[WHAT IS NEEDED] The material below holds pictures; leave them out and reproduce exactly the lines from the one with "Essential Addition To" through the one with "NEWBOLER 150ml 250ml", inclusive.

[EXERCISE MATERIAL]

★ ★ ★

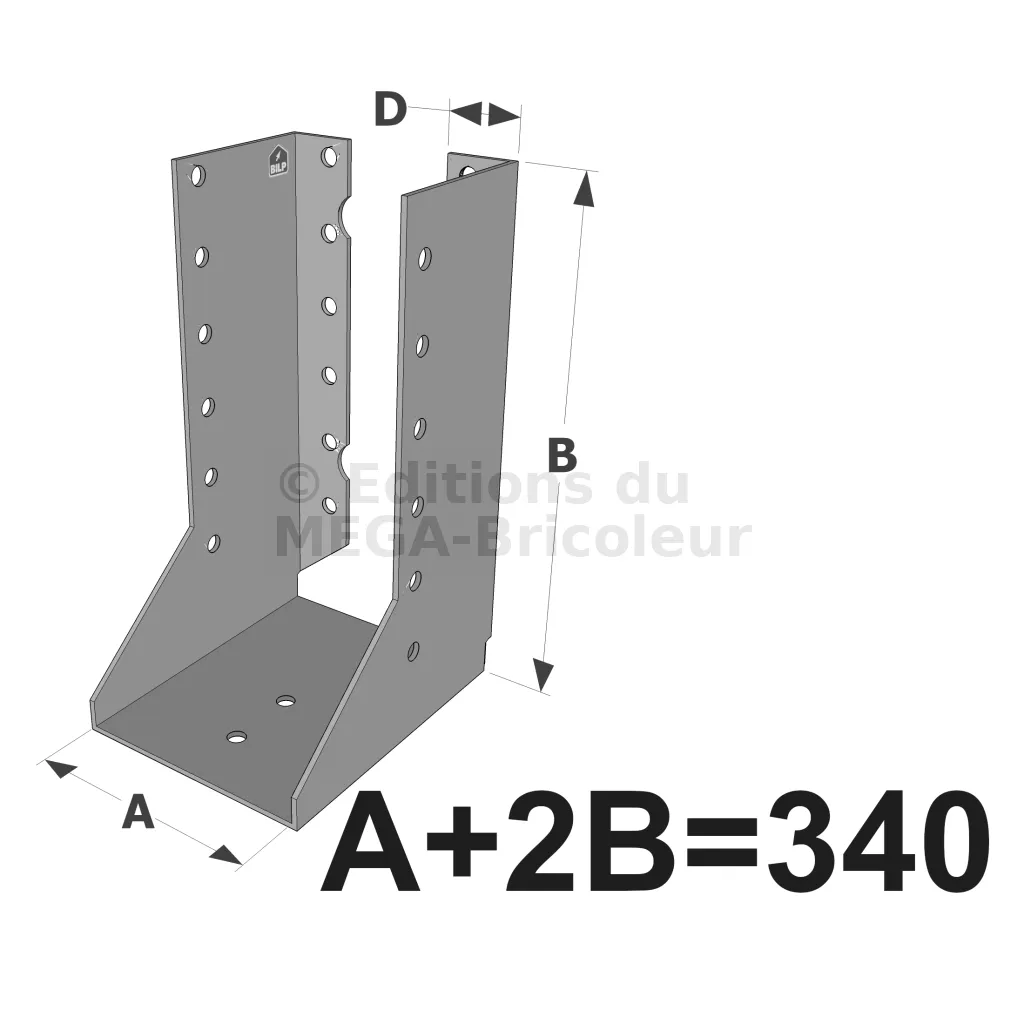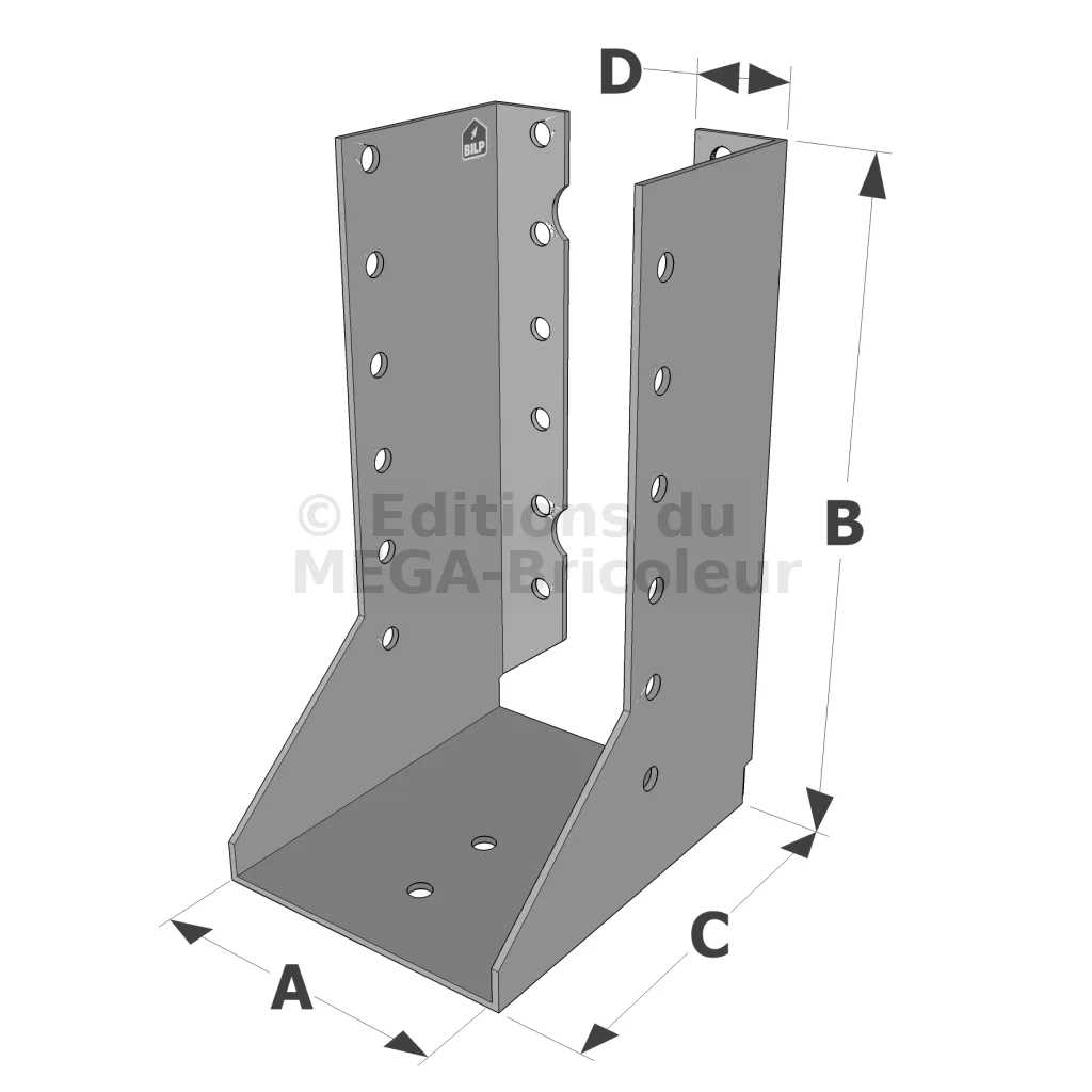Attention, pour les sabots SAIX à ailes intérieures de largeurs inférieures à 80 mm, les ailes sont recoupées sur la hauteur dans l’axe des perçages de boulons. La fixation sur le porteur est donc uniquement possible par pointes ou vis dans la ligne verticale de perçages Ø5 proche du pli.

★ ★ ★

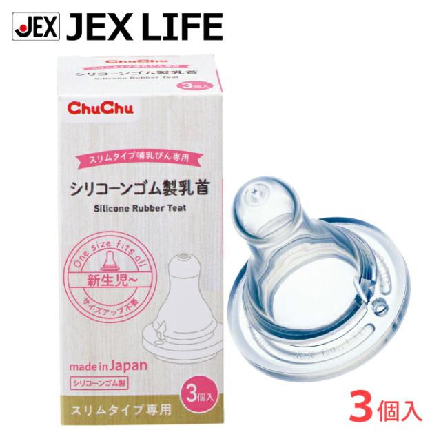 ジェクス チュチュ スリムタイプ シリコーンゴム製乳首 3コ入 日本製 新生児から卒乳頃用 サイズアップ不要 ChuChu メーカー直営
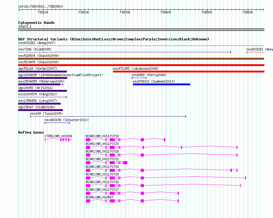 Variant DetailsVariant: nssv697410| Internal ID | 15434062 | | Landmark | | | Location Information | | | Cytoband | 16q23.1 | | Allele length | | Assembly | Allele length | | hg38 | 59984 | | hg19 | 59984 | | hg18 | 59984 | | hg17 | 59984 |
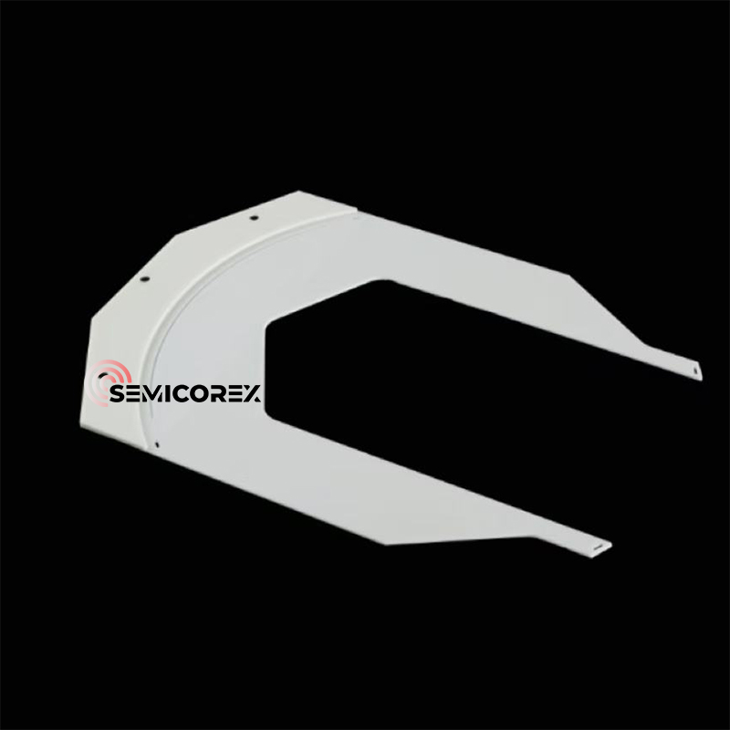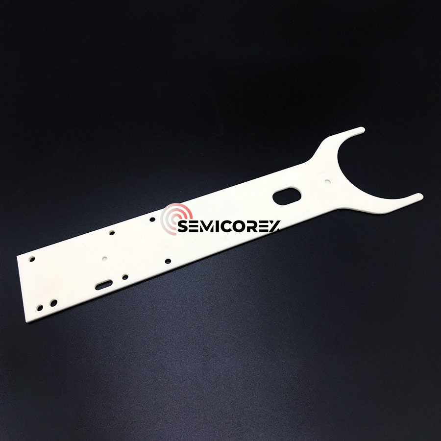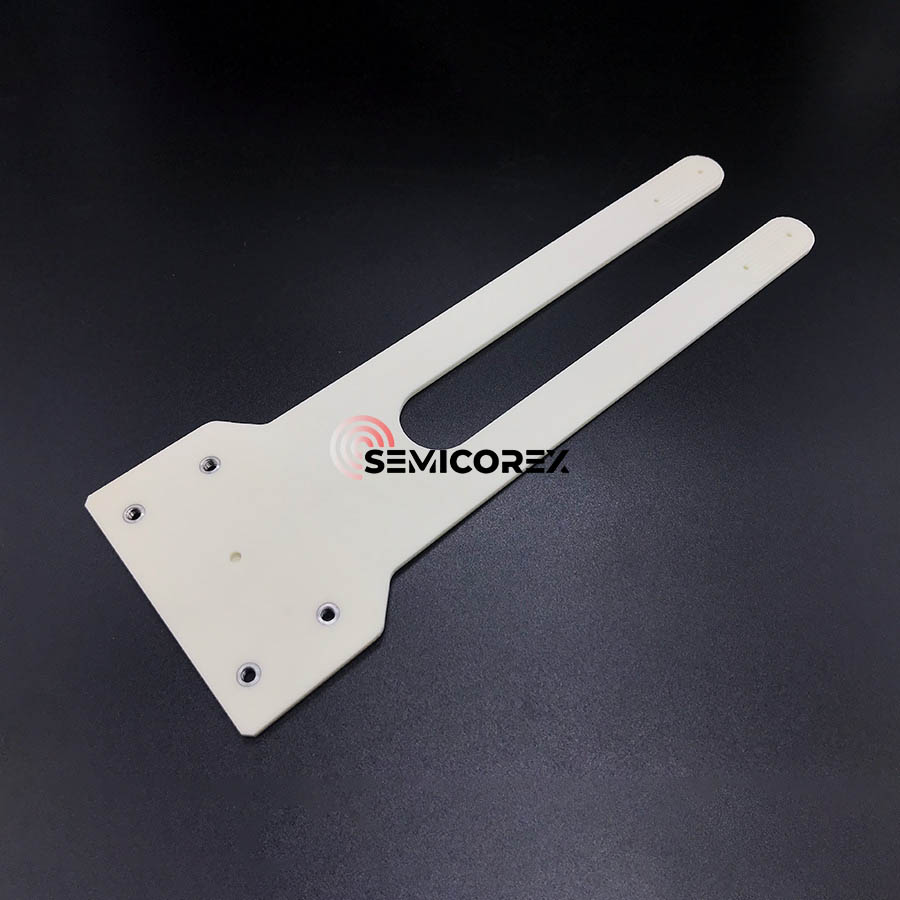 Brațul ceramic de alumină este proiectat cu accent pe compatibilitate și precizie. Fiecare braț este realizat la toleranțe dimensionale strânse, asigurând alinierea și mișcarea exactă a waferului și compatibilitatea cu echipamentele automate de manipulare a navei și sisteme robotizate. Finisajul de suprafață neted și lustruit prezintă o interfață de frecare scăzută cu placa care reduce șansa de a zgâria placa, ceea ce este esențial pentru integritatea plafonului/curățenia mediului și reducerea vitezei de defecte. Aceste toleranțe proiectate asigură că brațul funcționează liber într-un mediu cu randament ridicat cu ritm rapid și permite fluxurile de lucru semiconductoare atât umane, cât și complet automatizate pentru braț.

★ ★ ★

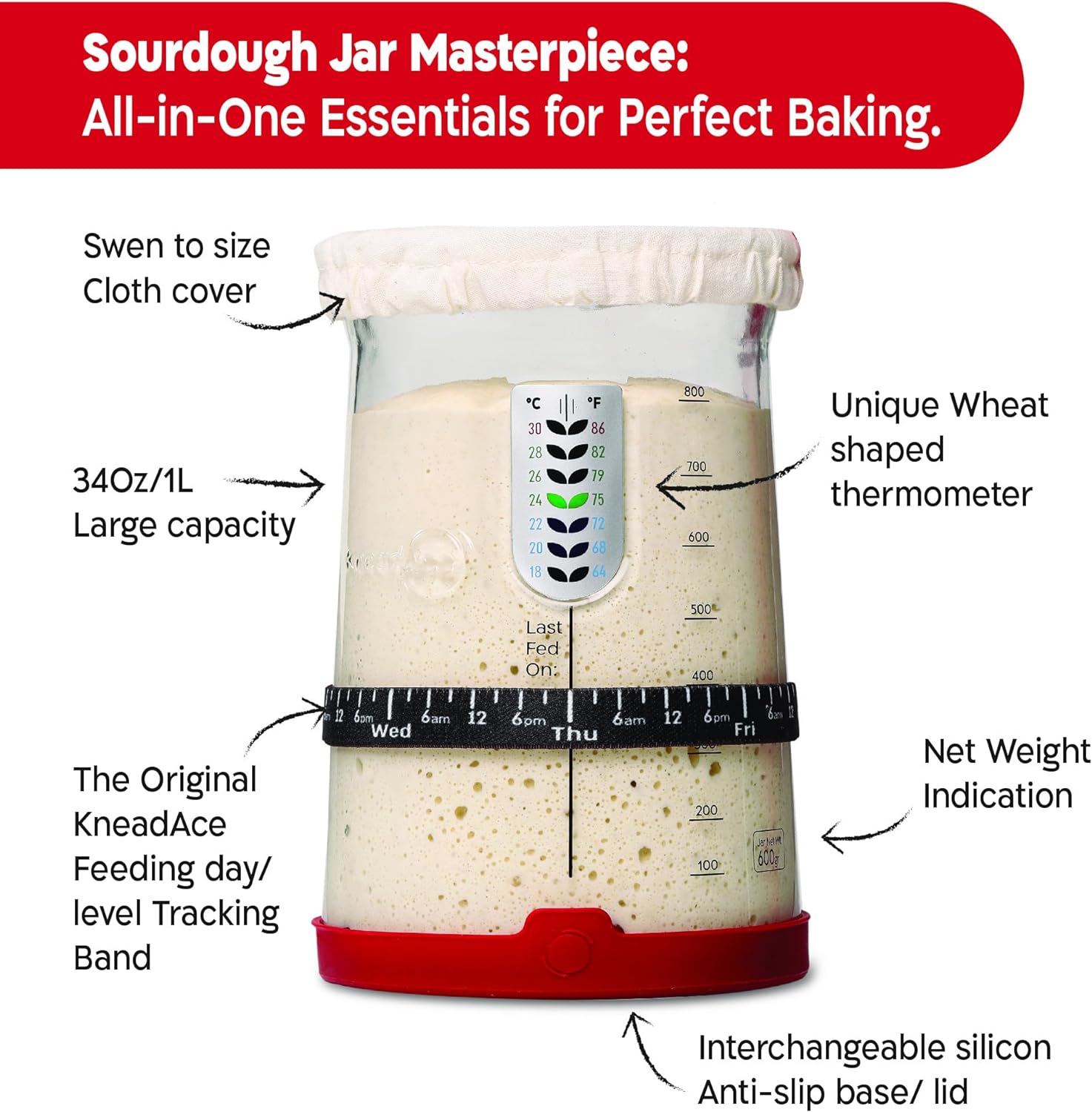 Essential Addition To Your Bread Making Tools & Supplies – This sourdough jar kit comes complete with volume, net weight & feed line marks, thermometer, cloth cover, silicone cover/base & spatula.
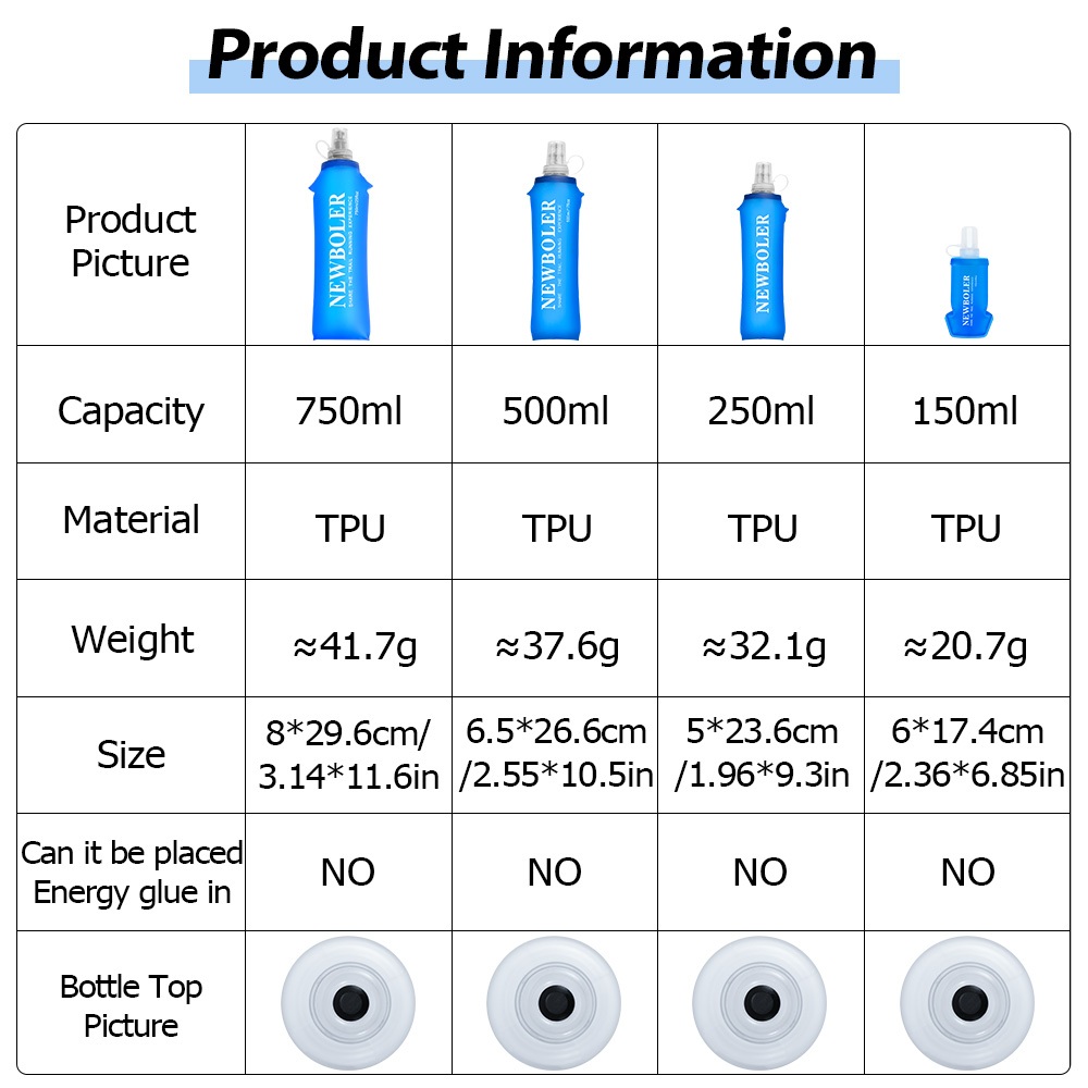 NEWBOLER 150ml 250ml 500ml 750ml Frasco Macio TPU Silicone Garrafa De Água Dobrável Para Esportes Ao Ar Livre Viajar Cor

★ ★ ★

[TASK SOLUTION]
 Essential Addition To Your Bread Making Tools & Supplies – This sourdough jar kit comes complete with volume, net weight & feed line marks, thermometer, cloth cover, silicone cover/base & spatula.
 NEWBOLER 150ml 250ml 500ml 750ml Frasco Macio TPU Silicone Garrafa De Água Dobrável Para Esportes Ao Ar Livre Viajar Cor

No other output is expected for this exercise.